The Reserve Bank of India (RBI) has issued guidelines for crypto exchanges to comply with Tax Deducted at Source (TDS) regulations, effective April 15, 2026. This move marks a significant step towards regulating the cryptocurrency industry in India.

Understanding TDS and Its Impact on Crypto Exchanges

The Income-tax Act of 1961 requires entities to deduct a portion of income as tax at source before making payments to recipients. In the context of crypto exchanges, this means that they will be required to deduct a 1% TDS on all transactions exceeding ₹10 lakh (approximately $13,000) in a financial year. The collected TDS amount will be deposited with the government by May 15th of each year.

Key Regulatory Details

* Crypto exchanges must obtain a Unique Identity Number (UIN) from the RBI before commencing operations. * Exchanges are required to deposit TDS amounts within six months of the end of each financial year. * Failure to comply with TDS regulations will result in penalties, including fines and potential blacklisting.

Impact on Crypto Exchanges

The new guidelines are expected to increase operational costs for crypto exchanges, which may lead to reduced profitability. Additionally, the added regulatory burden may dissuade some exchanges from operating in India.

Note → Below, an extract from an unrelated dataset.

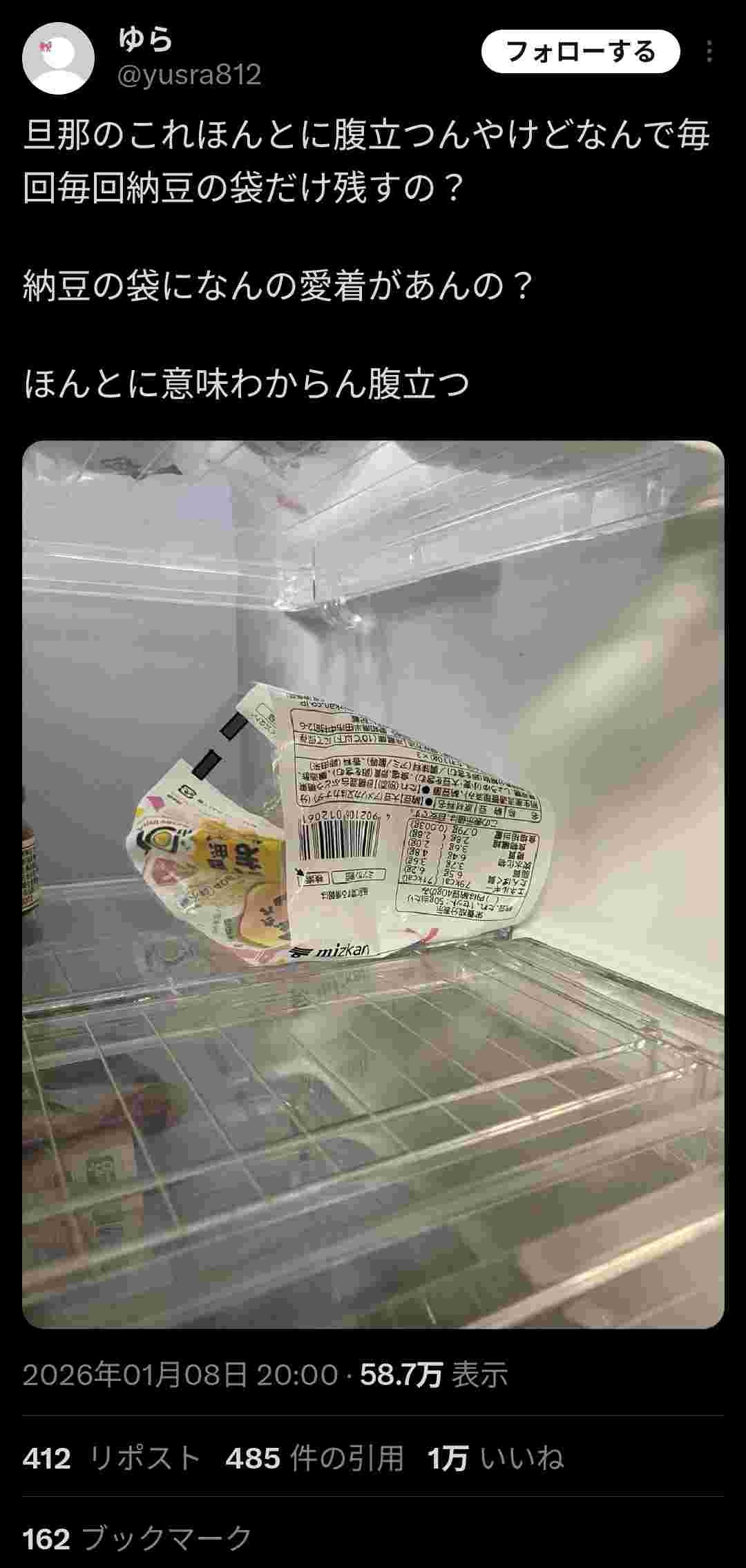 そもそもワイが買ってくる時は冷蔵庫入れる段階で箱外して捨ててるのに嫁が買ってくるとそのまま入れて捨てないの腹立つ

However, proponents of the move argue that it will help bring transparency and accountability to the industry.

Investor Concerns

Investors in Indian crypto markets may face challenges due to the increased complexity of transactions. The TDS regulations may also lead to reduced liquidity in the market. Nevertheless, many experts believe that these measures are necessary to establish a more stable and secure environment for cryptocurrency trading in India.

The RBI's guidelines on TDS compliance are a crucial step towards regulating the crypto industry in India. While they may pose challenges for exchanges and investors, they are expected to bring greater transparency and accountability to the market.